Blogger vahid said...

er - the center section, between the two inlay photos, got sort of scrambled. so i posted a revision. hopefully it makes better (not perfect) sense ...

4:57 AM  
Blogger Adam Dorfman said...

If virtual gold stars existed, I'd give you three of them for this entry.

7:26 AM  
Blogger O. L. Muñoz Cremers said...

Jeez, how did I miss this one? :( Probably because Urban Tribe sounds like a name for a acid jazz group.

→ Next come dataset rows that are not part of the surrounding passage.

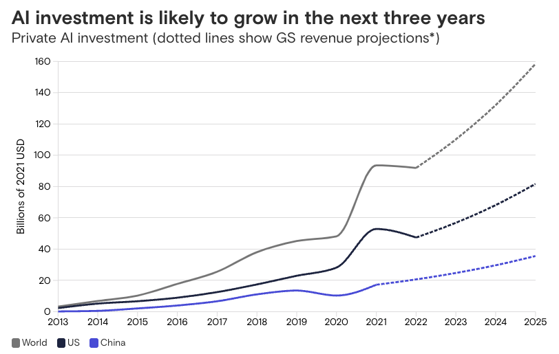 У звіті про інвестиції від 1 серпня економісти Goldman Sachs Джозеф Бріггс і Девеш Коднані передбачили, що штучний інтелект може залучити до 200 мільярдів доларів глобальних інвестицій до 2025 року — половина з них у Сполучених Штатах — сприяючи збільшенню валового внутрішнього продукту (ВВП).
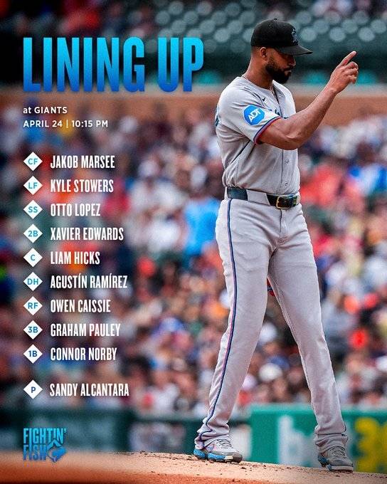 마이애미는 제이콥 마시(중견수)~카일 스타워스(좌익수)~오토 로페스(유격수)~재비어 에드워즈(2루수)~리암 힉스(포수)~아구스틴 라미레스(지명타자)~오웬 케이시(우익수)~그레이엄 폴리(3루수)~코너 노비(1루수)가 나선다. 선발 투수로는 우완 샌디 알칸타라가 등판한다.
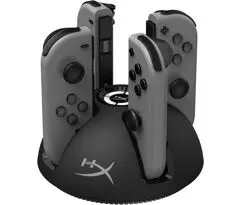O carregador HyperX ChargerPlay Quad carrega simultaneamente até quatro controles Joy-con e possibilita muitas horas de jogo sem parar. Possui um encaixe fácil e prático para manter os controles presos firmemente à sua base estável, que indica o status de carga com um display luminoso.
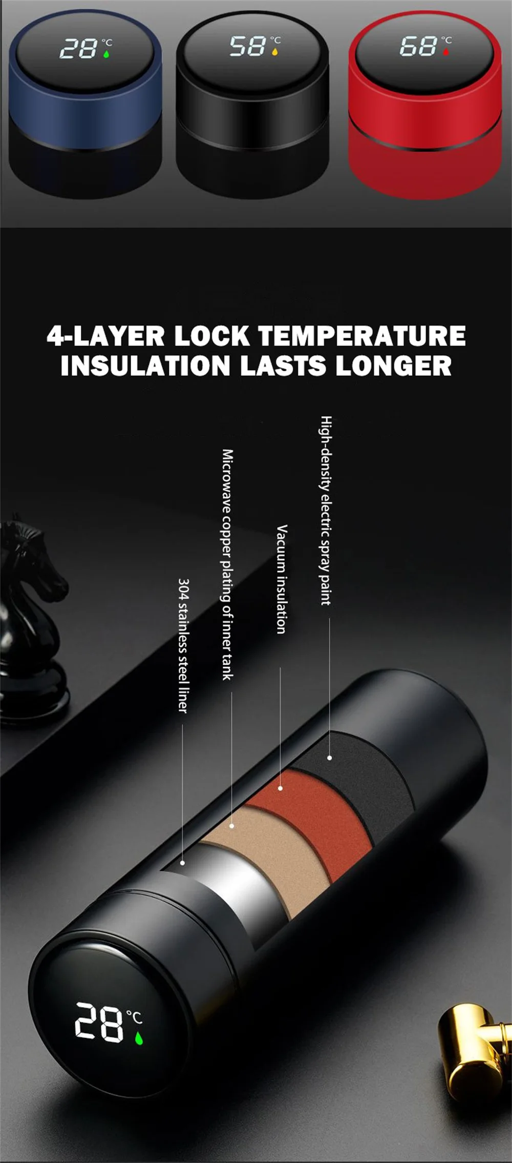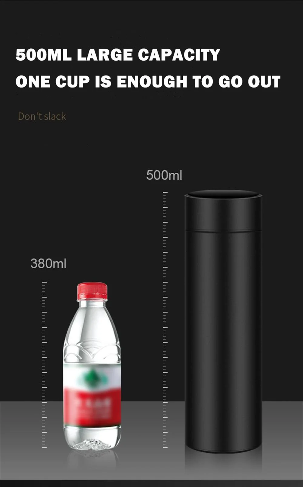 Особенности1. Портативный и прочный. Идеально подходит для путешествий, активного отдыха, автомобиля, офиса, дома, школы, пикника, горячих йога, пеших прогулок, кемпинга и т. д.2. С сенсорным ЖК-экраном HD для быстрого отображения температуры воды в реальном времени. Позвольте вам пить воду, которая наиболее подходит для температуры в любое время и в любом месте.3. Изготовлен из нержавеющей стали 304, двухслойный вакуумный дизайн, безопасный, без BPA и экологически чистый, без запаха и легко моется. Он может держать горячую или холодную воду в течение 12 часов.4. Эта Вакуумная бутылка для воды также является хорошим контейнером для кофе, соковыжималки, молока, пива, напитков и ежедневного увлажнения. Лучший подарок для семьи и друзей. Подарок на день рождения, подарок на день Святого Валентина-хороший выбор.Спецификация:Емкость: 500 млМатериал: нержавеющая сталь 304Посылка включает в себя: 1 термос
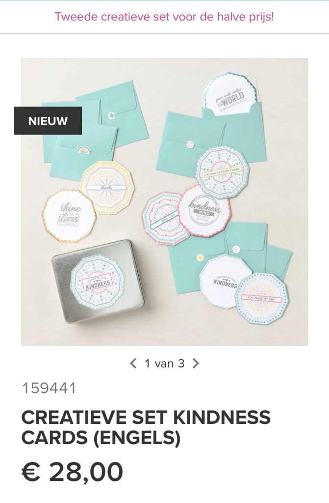 Bijvoorbeeld bestel je de Precious Parcel set ( €14,50) en de You are my Anchor ( (€23,00) betaal je voor de laatste maar €11,50 en in totaal dus maar €26,00 . Er zitten ook prachtige nieuwe sets bij zoals de mooie Kindness Card Kit
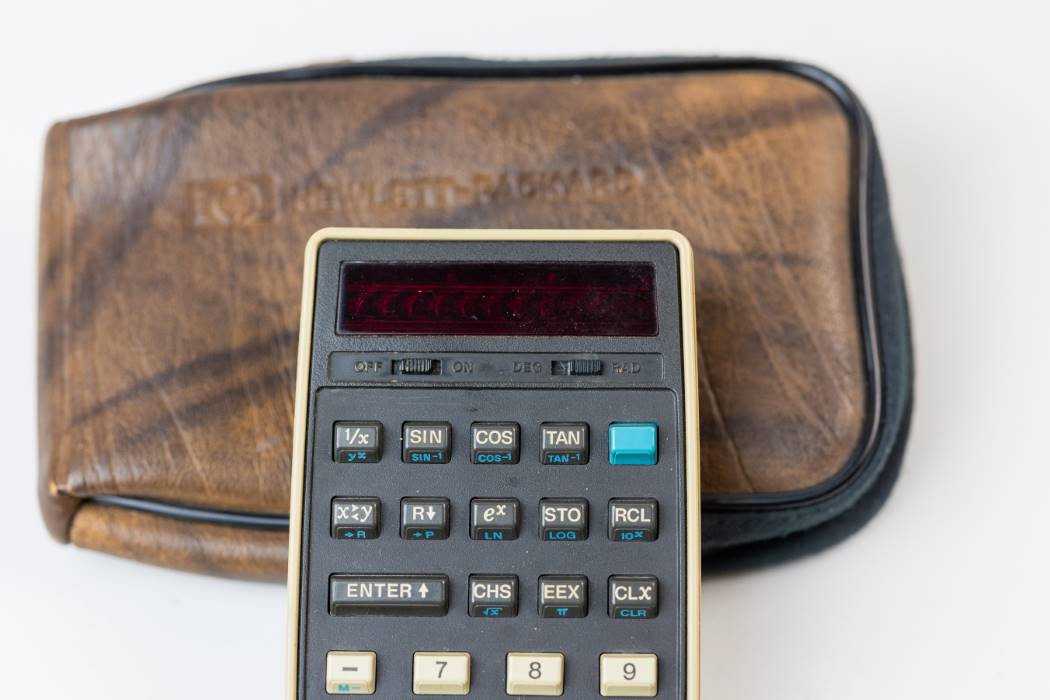Calculadora electrónica científica de bolsillo HEWLETT-PACKARD en estuche de tela y cuero y manual de instrucciones en castellano. Firma de la garantía del equipo el 16/01/1976. Vendido por Dirac Martí, nº 20
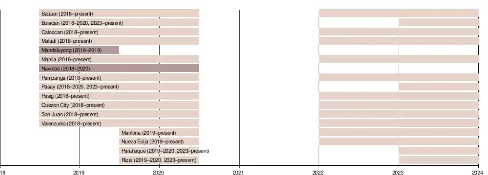 Both divisions were formed as a result of the league's national expansion in the 2018–19 season.[1] The most recent realignment occurred in the 2023 season. In that season, three returning teams in the Bulacan Kuyas, Parañaque Patriots, and Pasay Voyagers were allocated to the North Division while the Rizal Golden Coolers moved from the South Division.
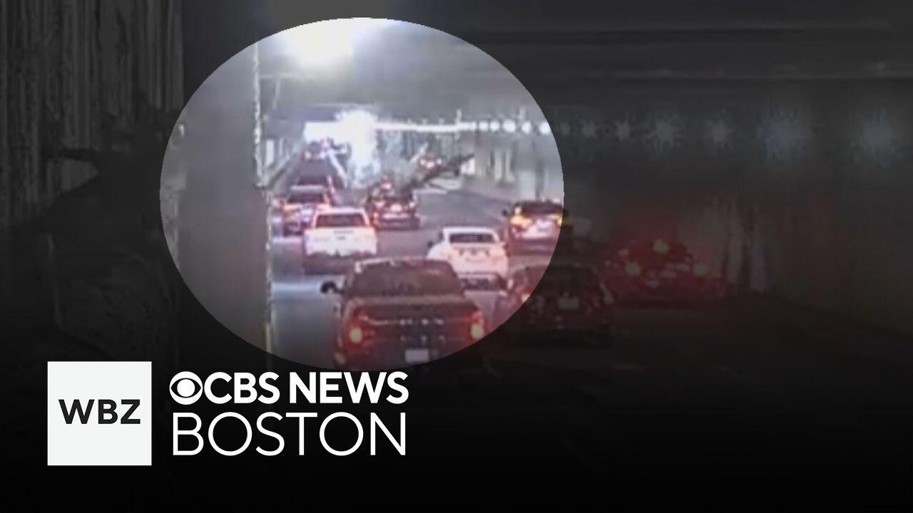 MassDOT said a section of "non-structural concrete at an expansion joint" under Huntington Avenue fell into a travel lane Friday afternoon. WBZ-TV's Beth Germano reports.
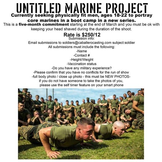 If selected, you will be hired full-time (5 DAYS A WEEK) at the rate of $250/12. This is a FIVE-MONTH COMMITMENT starting at the end of March/beginning of April! You must be 100% available. You must be willing to shave your head (and keep shaved) for the run of the project. You must be in good physical shape and able to perform boot camp exercises

(nice revaluation of Mo'Wax btw, was listening to Lavelle's Cream "mix"cd recently and he was indeed making some amazing connections.)

7:28 AM  
Blogger hector23 said...

I thank Lavelle for getting me into Patrick Pulsinger/Cheap records as well. Claire can now sound kinda cheezy but at the time it was a revelation.

1:37 PM  
Blogger Michael said...

Excellent post.

6:43 PM  
Blogger JD said...

Great, provocative post.

The idea of ritual damage is echoed in Michael Taussig's "Defacement" (1999) and Joseph Koerner's "Reformation of the Image," (2004) who both argue that defacement is a powerful mode of the sacred. I'm curious to know more about the origins of this idea--it sounds like Bataille? I don't know enough about the music you cite as examples to get your point by context.

1:47 PM  
Anonymous Anonymous said...

urban tribe's covert action was originally on one of craigs imprints - retroactive i think it was, so lavelle probably got it in fat cat where all that good shit was coming in.
hes does tracks now down a similar line and djs as drexciyan dj stingray. it is fking good infact there is a whole slew of similar kind of tracks on the submerge /ur hypnotek records series,you can hear the bass heavy jay dee influence in there..

4:50 AM  
Blogger Culla said...

Superb article! Traditional British in-scene jealousy did for Lavelle in the late 90s (that and some of the Unkle stuff), but he's back and busy these days, having seen off the sneerers. Mo Wax are already being rehabilitated into cool as it's obvious they pushed more genre-defying things of difference than most labels will ever manage.

7:10 AM  
Anonymous Anonymous said...

Nice writing & a very personal review (& that's why i like it!).
a new urban tribe ep is out now:

http://www.boomkat.com/item.cfm?id=21659

+ a brand new album!

i remember around 1996, when those mo'wax records went out, all my friends @ university' (at least those who have knowledge or good taste on music) were like "mo'wax this and mo'wax that....": & i could not stand it : to my ears it was just some foolish hype, i didnt trust the music...
How wrong i was!!! it took me a bit of time to face it, but yeah, mo'wax had loads of gems in their catalogue.

2:19 AM  
Anonymous Anonymous said...

great album, and great post too.
just found a copy at my local record store today.
and as always I ask myself: is there more of this good stuff?